TAMPA — Port Tampa Bay last week welcomed its 1-millionth cruise ship passenger for the first time ever in a single year.
The port hit the milestone on Sept. 17, when the count hit 1,000,524 for this fiscal year, which ends on Sept. 30. It rose further over the weekend when three more ships called at the port. The port on Monday projected a year-end total of more than 1.04 million passengers, which would be a 9 percent increase over last year.
"A fantastic moment for Port Tampa Bay and our cruise line partners," port CEO Paul Anderson said in announcing the news. Carnival Cruise Line, Royal Caribbean Cruise Line, Holland America Line and Norwegian Cruise Line sail out of Tampa, offering 4-, 5-, 7- and 14-day cruises to Mexico, Cuba and the western and southern Caribbean.

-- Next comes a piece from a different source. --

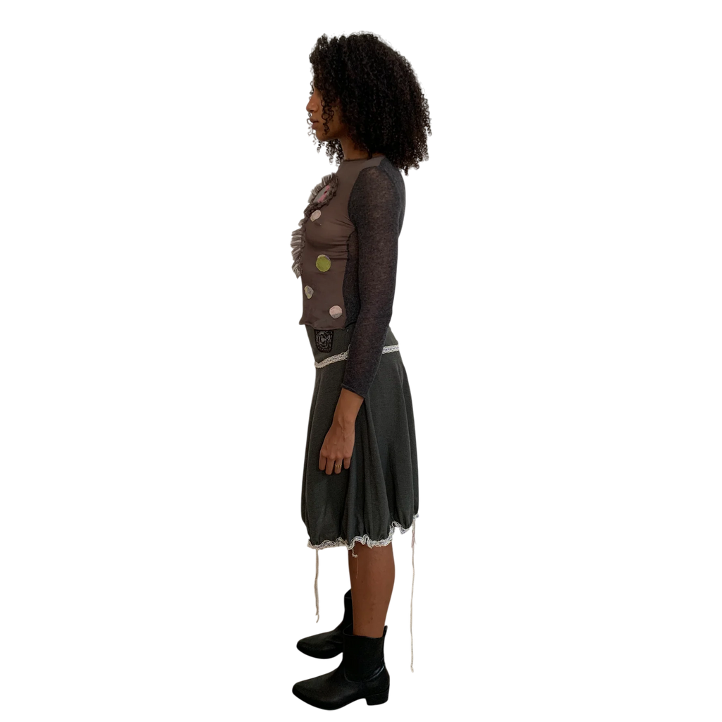 Garbage Core is a Milan-based project by Giuditta Tanzi, founded in 2019. The brand crafts handmade, upcycled garments that celebrate imperfections, transforming flaws into features. Each piece gives old materials a second life while preserving their unique stories.
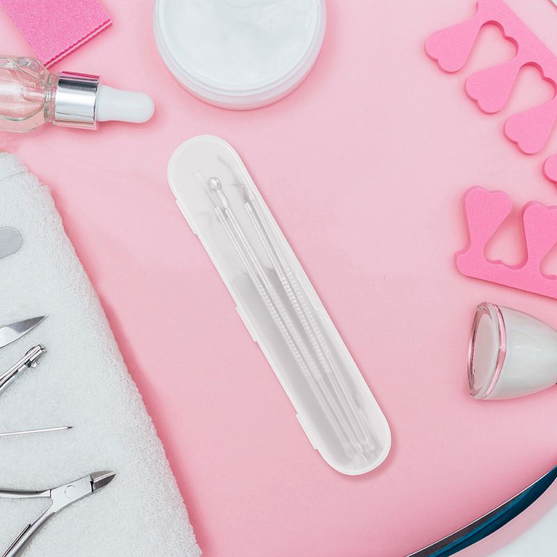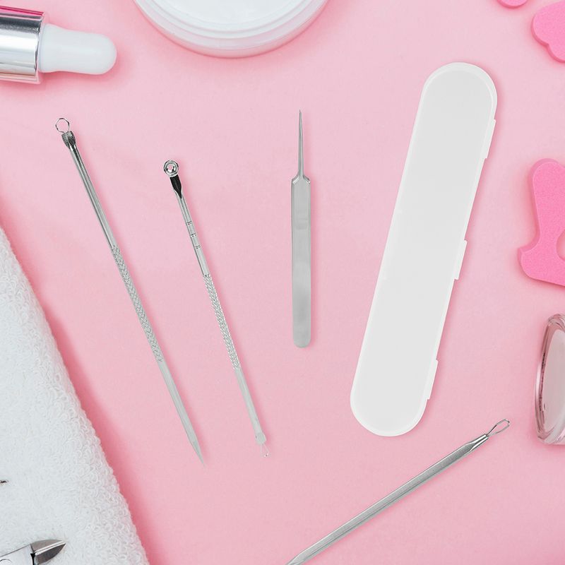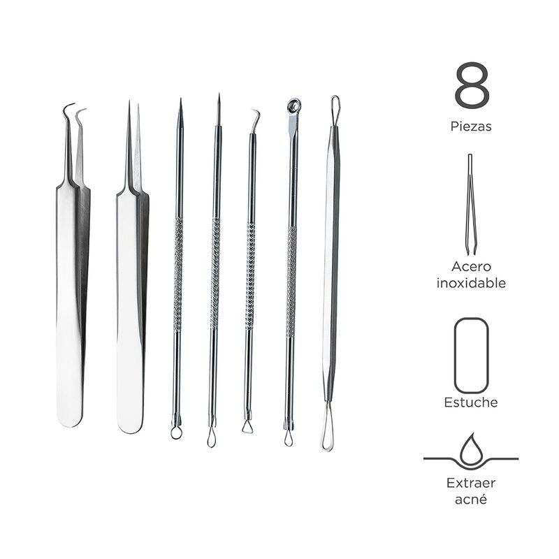 Kit removedor de acné en color plateado. | Con 8 piezas. | Elaborados en acero inoxidable. |Usa la aguja para perforar el grano, coloca el circulo de acero alrededor del área, presiona hacia abajo y desplaza lentamente. | Desinfecta el removedor de acné después de cada uso. Instrucciones de uso:

Still, while a million passengers is cause for celebration locally, Tampa is still not the busiest port for cruises in Florida. In 2016, Miami saw about 4.9 million passengers, Port Canaveral about 4.2 million and Port Everglades about 3.8 million.
Tampa’s port is limited in the range of cruise ships that can call here because the biggest ones — the so-called megaships that can carry 5,000 or 6,000 passengers — won’t fit under the Sunshine Skyway bridge. But it has grown its cruise ship business nearly 20 percent since 2016 by bringing in refurbished smaller ships in the 2,000- to 3,000-passenger range, as well as by taking advantage of the state’s growing population and serving easy-to-reach destinations.
Over the past year:
• The port set a single-weekend record over the March 31-to-April 1 Easter weekend, when 29,167 passengers sailed from or came ashore at the port.
• Carnival added 20 cruises to Cuba, finished the makeover of the Carnival Paradise and doubled the line’s capacity locally by adding the Carnival Miracle’s only year-long program with seven-day cruises from Port Tampa Bay.
• Royal Caribbean put a larger ship in rotation, the 880-foot-long Majesty of the Seas, to accommodate customer demand for Tampa-to-Cuba cruises.
Tampa port administrators expect cruise numbers continue to grow as the development of the $3 billion Water Street Tampa project — including the transformation of the chronically under-performing and port-owned Channelside Bay Plaza into Sparkman Wharf — gives cruise ship passengers more options for dining out, shopping and touring.
The New Jersey-based market analysis firm Business Research & Economic Advisors estimated that a 3,000-passenger ship generates an average of $403,000 in passenger and crew onshore spending per call in a home port city.